Category Archives: Euro 2008

Eduardo Leg Break: Pictures (WARNING)

Right, I’m going to warn you now. There’s a very good reason why the broadcasters won’t show the full detail of Eduardo’s leg-break.

I’ve managed to find a clip of the break (mainly to see how bad the tackle was and to satisfy my own sick sense of curiosity), and it’s clear to see why.

But, the effects need to be seen. Personally, I’m not sure whether Martin Taylor’s tackle warranted the gruesome, unfortunate outcome. To me, it looked like Eduardo over-ran the ball, tried to regain it, and Taylor caught him unintentionally.

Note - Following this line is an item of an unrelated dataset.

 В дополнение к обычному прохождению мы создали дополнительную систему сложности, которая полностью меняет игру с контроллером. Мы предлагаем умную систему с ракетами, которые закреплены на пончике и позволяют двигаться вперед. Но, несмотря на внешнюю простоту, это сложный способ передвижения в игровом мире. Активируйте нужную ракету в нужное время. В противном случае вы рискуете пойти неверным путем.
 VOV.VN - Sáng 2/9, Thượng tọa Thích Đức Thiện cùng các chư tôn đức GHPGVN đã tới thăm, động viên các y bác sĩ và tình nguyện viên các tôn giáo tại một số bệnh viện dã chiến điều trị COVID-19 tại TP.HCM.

Still, it was a poor tackle and while extreme, Eduardo will now act as a permanent example of what bad, careless tackling can do. Let this act as the one moment where the art of tackling came back. In fact, it shouldn’t even be an art – good tackling is a necessity.

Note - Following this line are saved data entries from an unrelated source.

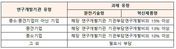 ※ 사업별 특성에 따라 기관부담연구개발비 현금의 부담 기준이 다를 수 있으므로 개별 사업 공고를 참조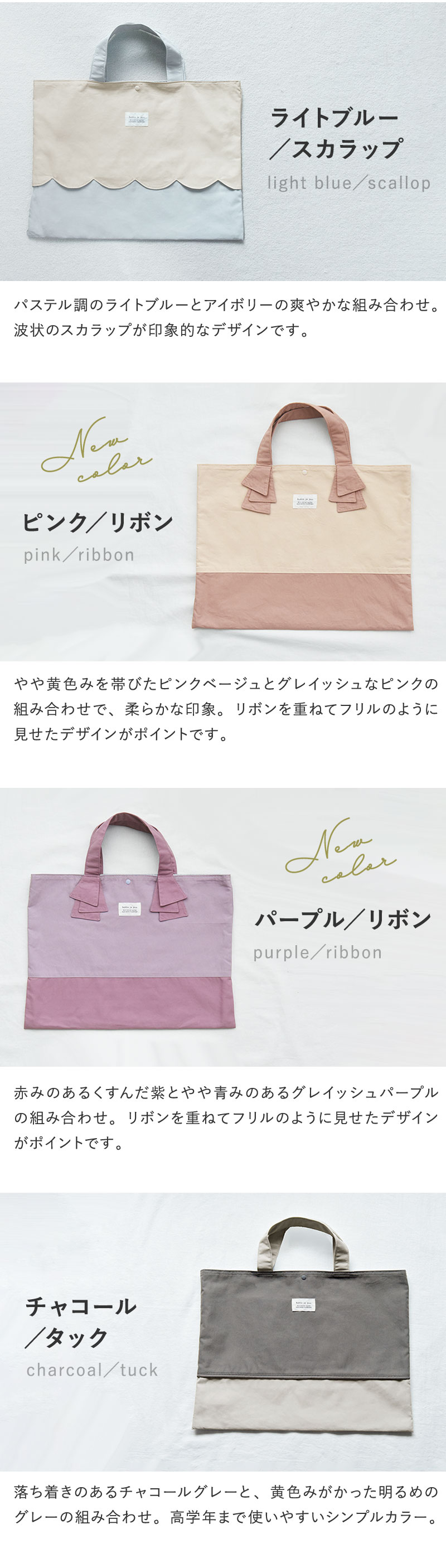 どれもシンプルでありながら程よいアクセントを加え、子どもたちが「持ちたい!」と思えるデザインを目指しました。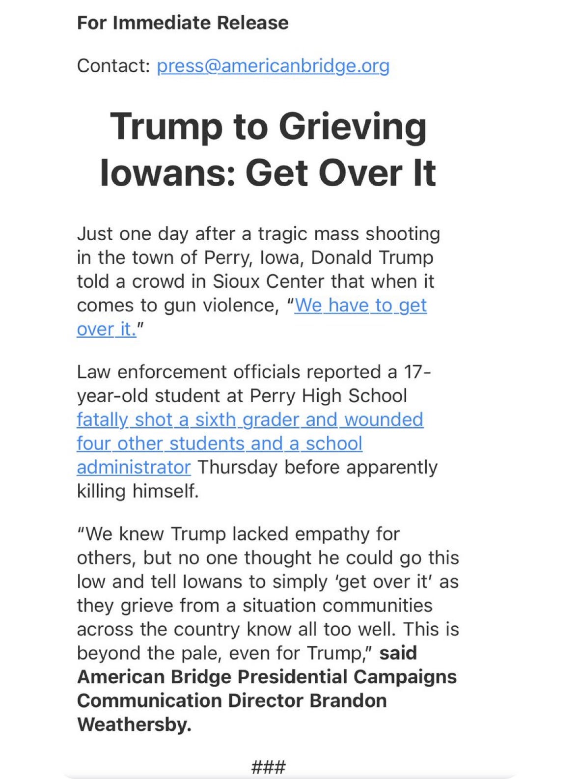 American Bridge, the politically incompetent and impotent Democratic Super PAC, lost and ineffective as ever, released a lukewarm banality to fight back: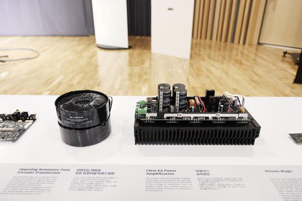 새로운 에지 시리즈는 총 3가지 모델로 출시된다. 에지 A 인티앰프, 에지 NQ 프리앰프·네트워크 플레이어, 에지 W 파워 앰프의 구성이다. 총 3년의 개발 기간을 거쳤고, 9명의 엔지니어들이 투입된 플래그십 라인업이다. 이번 시청회에는 이 에지 시리즈가 모두 등장했는데, B&W 803 D3 스피커를 중심으로 에지 NQ 프리앰프·네트워크 플레이어, 에지 W 파워 앰프를 세팅해놓았고, 한 켠에는 에지 A 인티앰프가 전시되어 있었다. 특히 노브 부품들을 분해·전시해놓기도 했는데, 31개의 부품이 아름답게 수놓아져 있는 모습이 그야말로 장관이었다.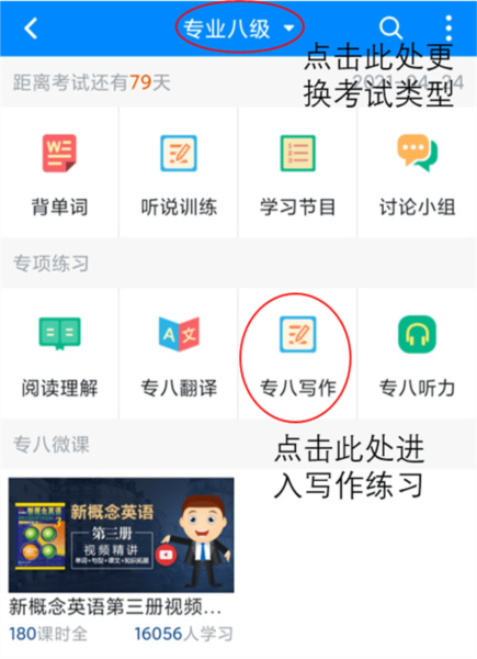 1. 提供针对不同英语水平的写作课程。查找路径:首页-搜索“写作”或首页-分类-英语考试。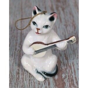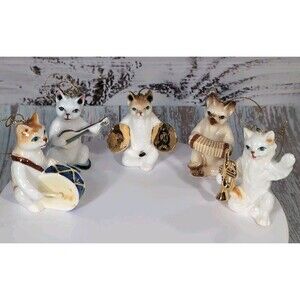 These vintage bone china ornaments are Made in Taiwan feature a charming cat orchestra theme, perfect for collectors of animal-themed figurines. The intricate detailing and multi-color design make them a delightful addition to any collection of cat-themed decor. This is a set of 5 miniature porcelain cat band figurines , each measuring between 2.6" - 3" tall by 1.9"-2" wide.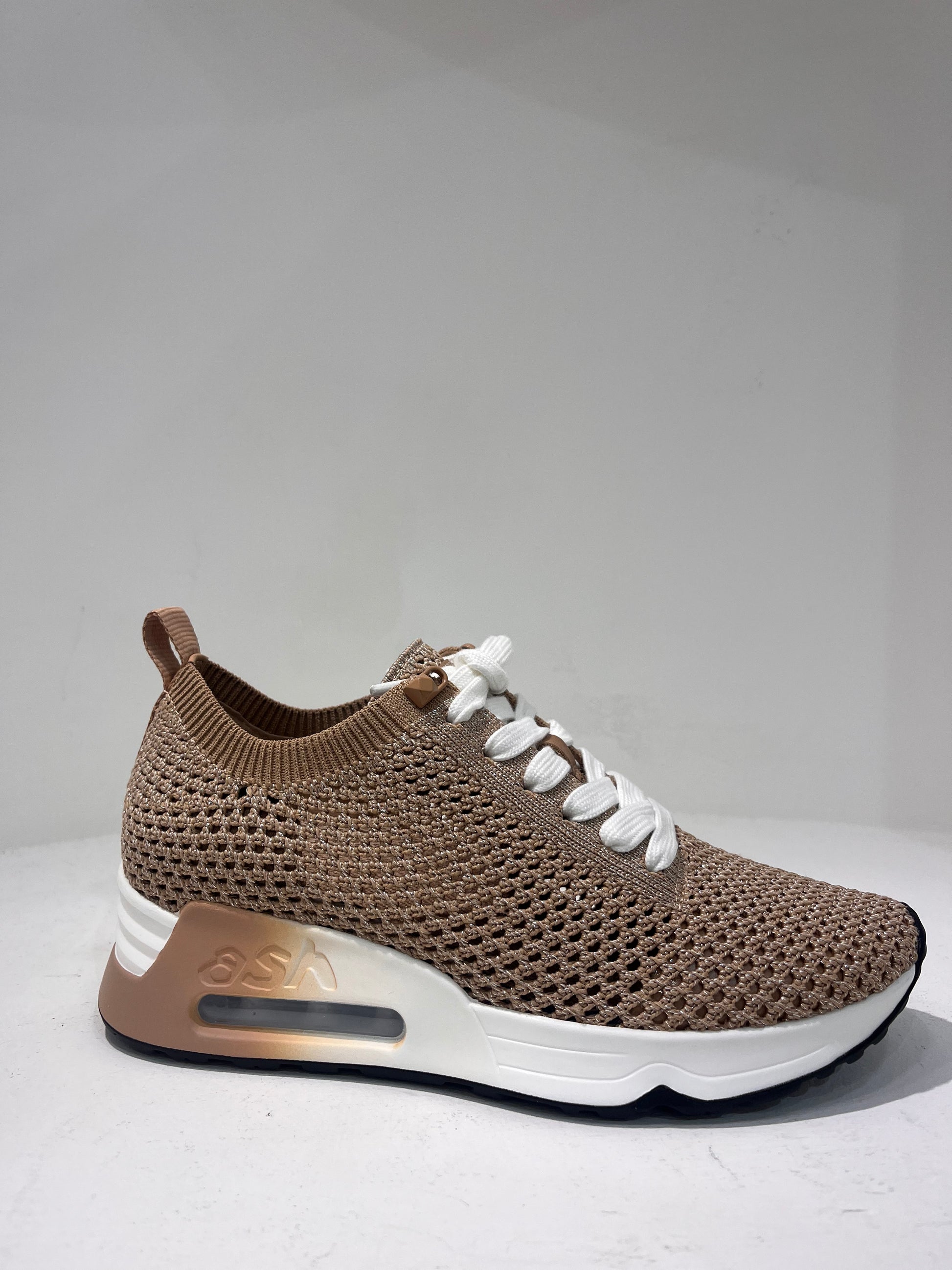 Knitted pull on trainer with a lifted padded insole for amazing comfort. Laces to tighten and a shimmer through the knit for a hint of glamour!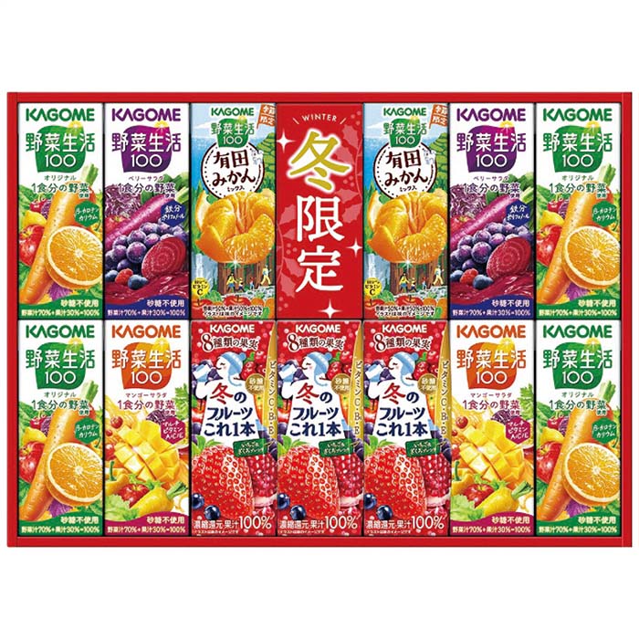 ※お客様のご都合による商品の返品・交換・キャンセルは受け付けておりません。 商品仕様をご確認の上、お間違いの無いようお願い致します。 ※型番通りのお手配になりますのでご注文前に必ず商品の仕様・サイズ・型番・色等を確認の上ご注文お願いします。 当店のお買い物ガイドも併せてご確認ください。 ◆メーカー:カゴメ ◆品名:野菜飲料バラエティギフト(紙容器) | お歳暮 ギフト ◆品番:KYJ-20W (KYJ20W) ◆冬のフルーツこれ一本×3本(200ml) 野菜生活100(... 3,573円 税込 送料別 カードOK 住設と電材の洛電マート ![]() | ||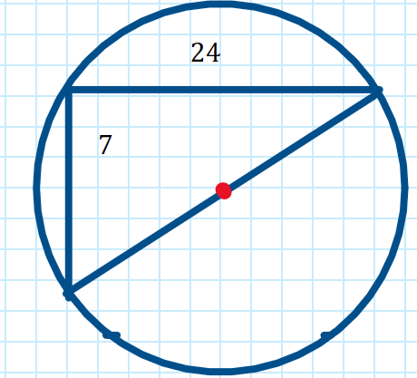 Егер тікбұрышты үшбұрыштың катеттерінің ұзындықтары 7 см және 24 см-ге тең болса, онда үшбұрышқа сырттай сызылған шеңбер радиусын табыңдар. |
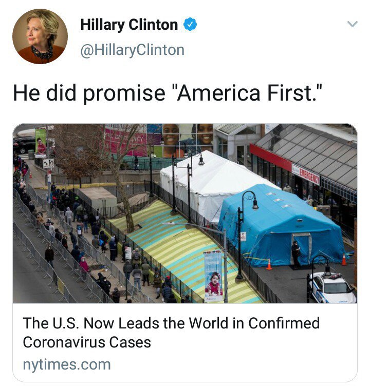هیلاری کلینتون با اشاره به گزارش نیویورک تایمز درباره صدرنشینی آمریکا در فهرست کشورهای بیشترین مبتلا به کرونا به شعار انتخاباتی ترامپ طعنه زده و نوشته: او قول داده بود «امریکا اول باشد»!

If Eduardo comes back and plays football again, then anything is possible in the game. However, after Wenger’s bleak assessment, it looks likely that his career is in real, severe danger.

The video the images are taken from has since been taken down due to a copyright dispute. However, I hope the BBC show the tackle and provide prior warning this evening on Match of the Day.

Let something good come out of this ugly mess. Show it to kids, schoolboys and aspiring players. Let them know that this could be them if tackling isn’t improved, and let them know that their possible career, for all its conceivable riches and celebrity, could meet a sudden and awful end. This should act as the ultimate reality check.

Having witnessed David Busst’s leg break when he played for Coventry against Manchester United in 1996, I thought nothing could surpass the nauseating effect that possessed. Eduardo’s break is the worse kind of compound fracture imaginable.

If you’ve got a soft stomach then I would advise against looking at the images below, particularly the second image.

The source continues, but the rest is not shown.